Aus der 4TB WD und der 3TB Seagate könntest du ein Mirror mit 3TB erstellen.
Willst du ein Raid5 mit einer dritten Platte einrichten, sollte diese dann eine 3TB sein. Da hättest du ~6TB "Nutzkapazität". Eine größere macht keinen Sinn, da hier dann die 3TB Seagate limitiert.



Dragonheart100 schrieb:


> - Kann ich bisher verwendete HDDs von horizontal nach vertikal drehen (und umgekehrt) ohne eine erhöhte Ausfalltate zur riskieren?


Bei so etwas scheiden sich die Geister...
Es ist einerseits richtig, dass der Wechsel der Richtung der mechanischen Belastung zu einem höheren Ausfallrisiko führen kann.
Würdest du Festplatten aus einem System wiederverwenden, welche 2 oder 3 Jahre lang wirklich 24/7 gelaufen sind (was ich dann so oder so nicht empfehlen würde), würde ich die Einbaurichtung nicht ändern!
Bei Platten, die vielleicht nur ein paar hundert Stunden in einem Desktop-PC gelaufen sind, macht das mMn. keinen Unterschied!



Dragonheart100 schrieb:


> - Wäre der Server auch für die Wiedergabe von DVDs / Blu Rays geeignet oder sollte ich mir dafür lieber ein separates Gerät zulegen?


Dafür würde ich ein eigenständiges Gerät empfehlen!


----------



## Dragonheart100 (10. August 2018)

Erstmal vielen Dank für deine Antwort!

Ich denke, dass ich auch zunächst OMV verwenden / testen werde.

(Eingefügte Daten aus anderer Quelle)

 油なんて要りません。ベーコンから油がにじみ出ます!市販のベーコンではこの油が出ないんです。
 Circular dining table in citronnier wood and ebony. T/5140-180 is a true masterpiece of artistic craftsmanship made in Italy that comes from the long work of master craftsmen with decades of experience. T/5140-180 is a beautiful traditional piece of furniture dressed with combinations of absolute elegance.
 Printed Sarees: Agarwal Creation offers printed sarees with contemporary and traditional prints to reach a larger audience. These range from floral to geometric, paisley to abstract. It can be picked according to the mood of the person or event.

MiniDLNA-Plugin kann nicht für Plex verwendet werden oder doch?
Was wird ansonsten stattdessen auf dem Client benötigt? 



Hatuja schrieb:


> Je nach Client brauchst du eine Backup-Software oder kopierst die Dateien von Hand/Script auf das NAS.
> Eine gesonderte "Backup-Share" auf dem NAS ist hierbei Sinnvoll, die nur eingebunden wird, wenn du auch das Backup durchführst.



Aktuell habe ich Windows, Android und iOS auf dem iPhone laufen. D. h. du kannst hier keine bestimmte Software empfehlen?

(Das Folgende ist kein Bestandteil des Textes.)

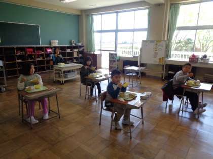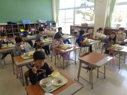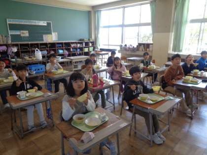 給食中は、作ってくださった方々への感謝の気持ちをもち、落ち着いて食べています。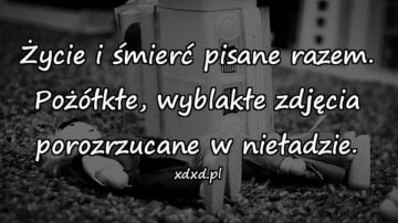 Życie i śmierć pisane razem. Pożółkłe, wyblakłe zdjęcia porozrzucane w nieładzie.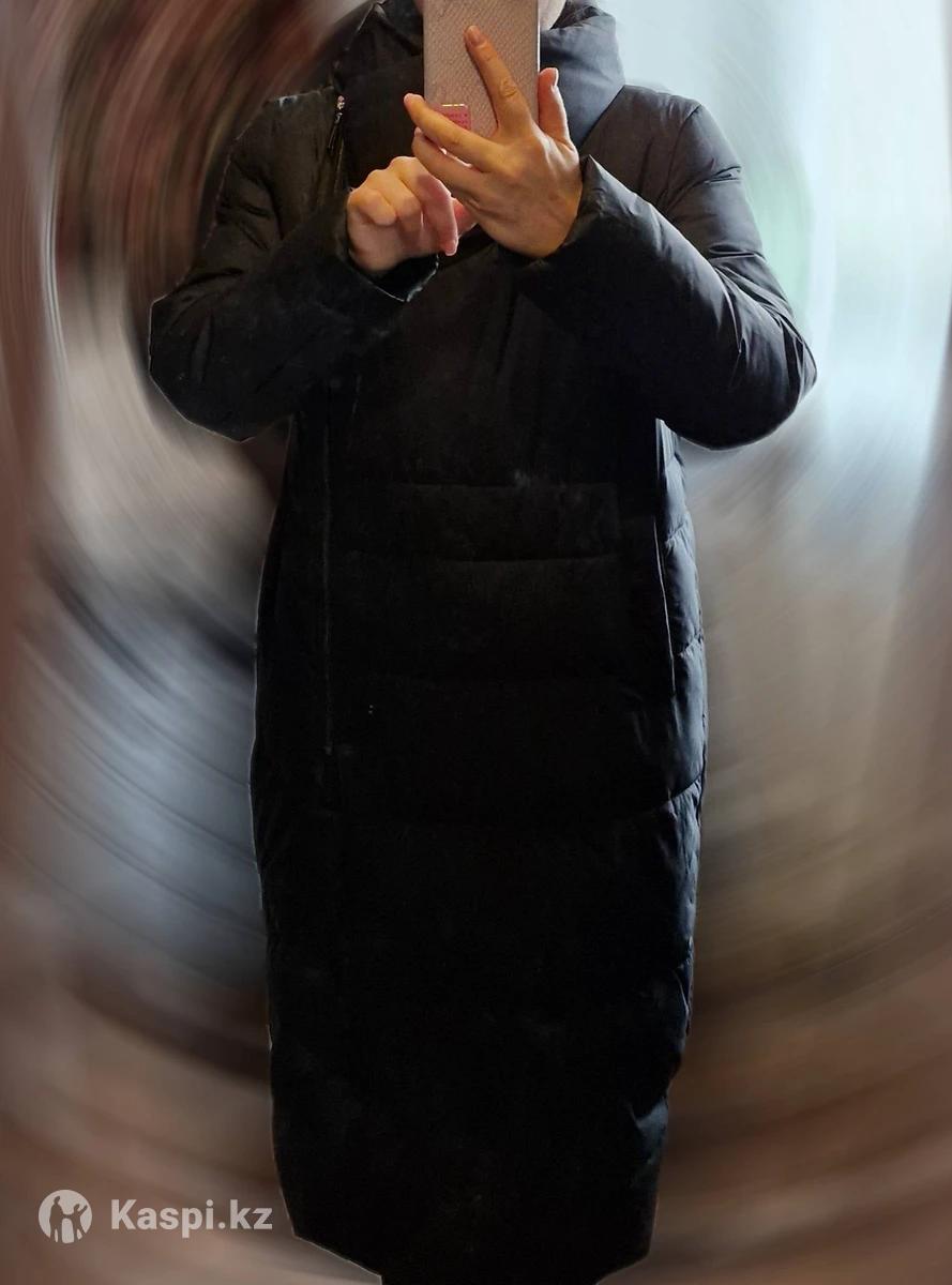 Пуховик черный в отличном состоянии,застежка по типу "халат" .Размер подойдет от 46 до 50

Okay, dann werde ich mal selbst suchen / rumprobieren für das Backup auf einer externen HDD, nachdem ich den Rest eingerichtet habe und alles läuft.



Hatuja schrieb:


> Je nach Smartphone/OS und Anwendungsfall sind zusätzliche Apps nötig. Viele Dateimanager unter Android können SMB-Share ansprechen und somit auf das NAS zugreifen.



Okay, gut. Gibt / Kennst du auch Apps für iOS (ja meine Freundin hat leider eins...)?

Ist mir dann auch bewusst geworden, dass das NAS ständig laufen müsste. Dann kaufe ich mir lieber mal  einen RaspberryPi o. ä. Macht vermutlich auch Sinn die Sachen physikalisch zu trennen.



Hatuja schrieb:


> Ja, das geht. Du verlierst allerdings Speicherplatz, da das kleinste Volume als "Maß" genommen wird.
> Aus der 4TB WD und der 3TB Seagate könntest du ein Mirror mit 3TB erstellen.
> Willst du ein Raid5 mit einer dritten Platte einrichten, sollte diese dann eine 3TB sein. Da hättest du ~6TB "Nutzkapazität". Eine größere macht keinen Sinn, da hier dann die 3TB Seagate limitiert.


Meines Erachtens sollte / müsste das ganze auch ohne Speicherplatzverlust gehen, gerade ohne Raid. Bei der Suche bin ich noch auf Snapraid / mergerfs gestoßen, was sich auch sehr interessant angehört hat. Ist wohl logisch ähnlich wie ZFS / btrfs, man benötigt jedoch keine ECC Ram, kann verschiedene Plattengrößen kombinieren und selbst wenn 2 oder mehr Platten ausfallen, kann noch auf die Daten der restlichen Platten zugegriffen werden.



Hatuja schrieb:


> Bei so etwas scheiden sich die Geister...
> Es ist einerseits richtig, dass der Wechsel der Richtung der mechanischen Belastung zu einem höheren Ausfallrisiko führen kann.
> Würdest du Festplatten aus einem System wiederverwenden, welche 2 oder 3 Jahre lang wirklich 24/7 gelaufen sind (was ich dann so oder so nicht empfehlen würde), würde ich die Einbaurichtung nicht ändern!
> Bei Platten, die vielleicht nur ein paar hundert Stunden in einem Desktop-PC gelaufen sind, macht das mMn. keinen Unterschied!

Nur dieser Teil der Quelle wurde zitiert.